Особенности социально-политической жизни конфедерации на стыке столетий определили своеобразие литературного процесса. Охранительные идеологические тенденции породили феномен культурного отставания. В наследии классиков подхватывались и развивались далеко не лучшие стороны, скорее наоборот — абсолютизировались заблуждения. Областникам были недоступны широта духовного кругозора и пафос социального критицизма Келлера, страстный этический гуманизм Готхельфа, художническая взыскательность Мейера. Регионалистам оказалось не под силу художественно отразить процессы, происходившие в швейцарской действительности на рубеже веков. Писатели считавшие себя реалистами, утратили вкус к познанию действительности в ее реальных противоречиях. Исследованию закономерностей общественного развития они предпочитали поверхностное описание.

В творчестве регионалистов, особенно тех, кто находился в орбите так называемого крестьянского романа И. Готхельфа, личность вычленялась из потока истории; «остальной мир» воспринимался с глухой недоброжелательностью, как нечто враждебное, как «зло». Областники искренне полагали, что нравственное здоровье народа сохраняется только в условиях патриархального сельского быта. Такого рода антицивилизаторские настроения издавна были константой духовной жизни Швейцарии, порождая недоверие к новому — в общественной жизни, идеологии, искусстве. Несомненно, областническая литература сыграла на рубеже столетий известную сдерживающую роль — она была преградой на пути распространения декадентских веяний «конца века». Однако эту роль бастиона не следует переоценивать — от его стен откатывались и передовые идеи времени. Диалектика исторического процесса чужда областничеству, анахроничному по своей сути.

Присматриваясь к характеру конфликтов, разрабатываемых в сочинениях областников, — и явных «почвенников», как Я. К. Геер или Э. Цан, и обладавших более широким кругозором, как Г. Федерер, — нельзя не заметить, что эти конфликты утрачивают социальную определенность. Перед читателем предстают не личность и общество на фоне движущейся истории, а человек и природа на фоне вечных гор («Король Бернины» Геера, «Горы и люди» Федерера), не жизнь социального организма, а жизнь маленькой общины, изображаемой в качестве неповторимого «особого случая». Личность как бы растворяется в скрупулезно выписанной среде, утрачивает энергию сопротивления обстоятельствам.

С этим связаны особенности авторской позиции в областнической прозе (поэзия и драма

361

не получили развития ни в одном из языковых регионов). Чаще всего автор — всеведущий и вездесущий «демиург».

Так, Я. К. Геер (1859—1925) активно вторгается в повествование, выдает аттестации персонажам и оценивает события с позиций областника.

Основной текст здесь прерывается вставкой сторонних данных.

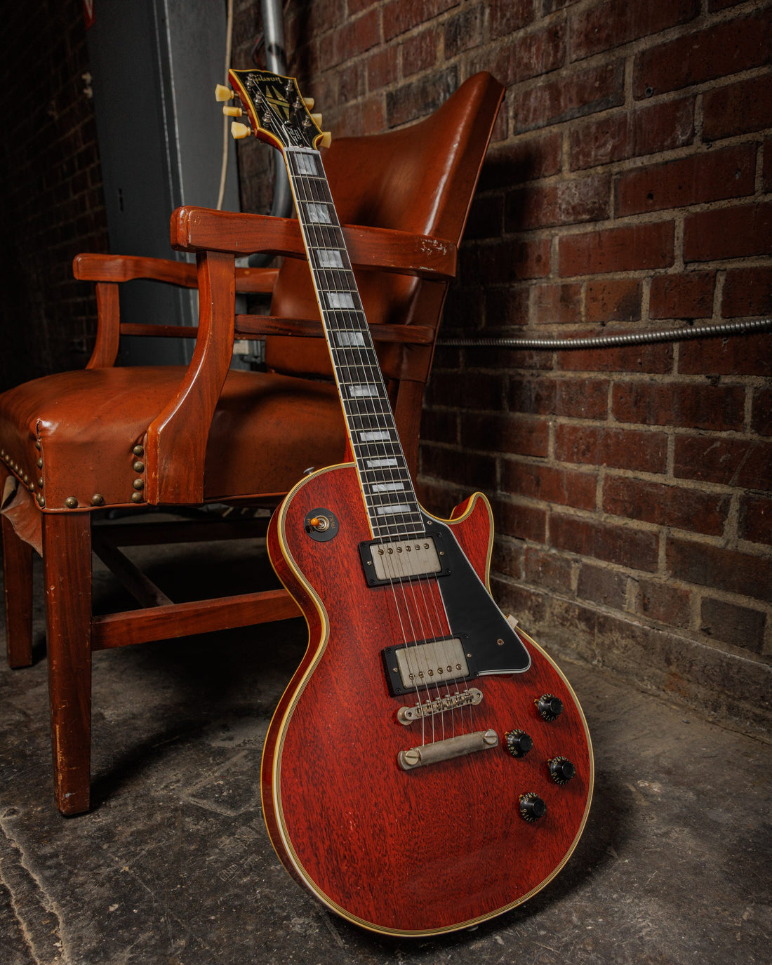 Featuring an Antique Cherry finish with nickel hardware, this 1957 Les Paul Custom reissue’s colorway somewhat resembles the standard aesthetics found on a 1961 SG Standard. The Antique Cherry finish also shows off the natural woodgrain of the one-piece mahogany body—unlike the 1957 Les Paul Standard, this model does not have a maple top, and the all-mahogany tone brings a subtly different Les Paul flavor to the mix.

Хотя Э. Цан (1867—1952) умеет скрываться за своими персонажами, однако его герои от этого не становятся богаче и объемнее, потому что небогат внутренний мир самого «творца», который по роду своих повседневных занятий был владельцем трактира в швейцарских Альпах.

Сложнее творчество Г. Федерера (1866—1928), священника, а позже редактора католической газеты в Цюрихе. Мягкий, снисходительный юмор позволяет ему избегать морализаторства, не выглядывать из-за плеча персонажа с указующим перстом проповедника. Повествование Федерера близко келлеровскому — глубоким знанием жизни простого народа, мягкой иронией. Как художник он следовал традициям швейцарских классиков XIX в., но остался лишь их эпигоном. Федерер так и не смел разорвать оковы регионализма, застрял в кругу локальных проблем, приноровился к узости и тесноте художественного пространства. Это, естественно, не могло не сказаться на качестве реализма Федерера.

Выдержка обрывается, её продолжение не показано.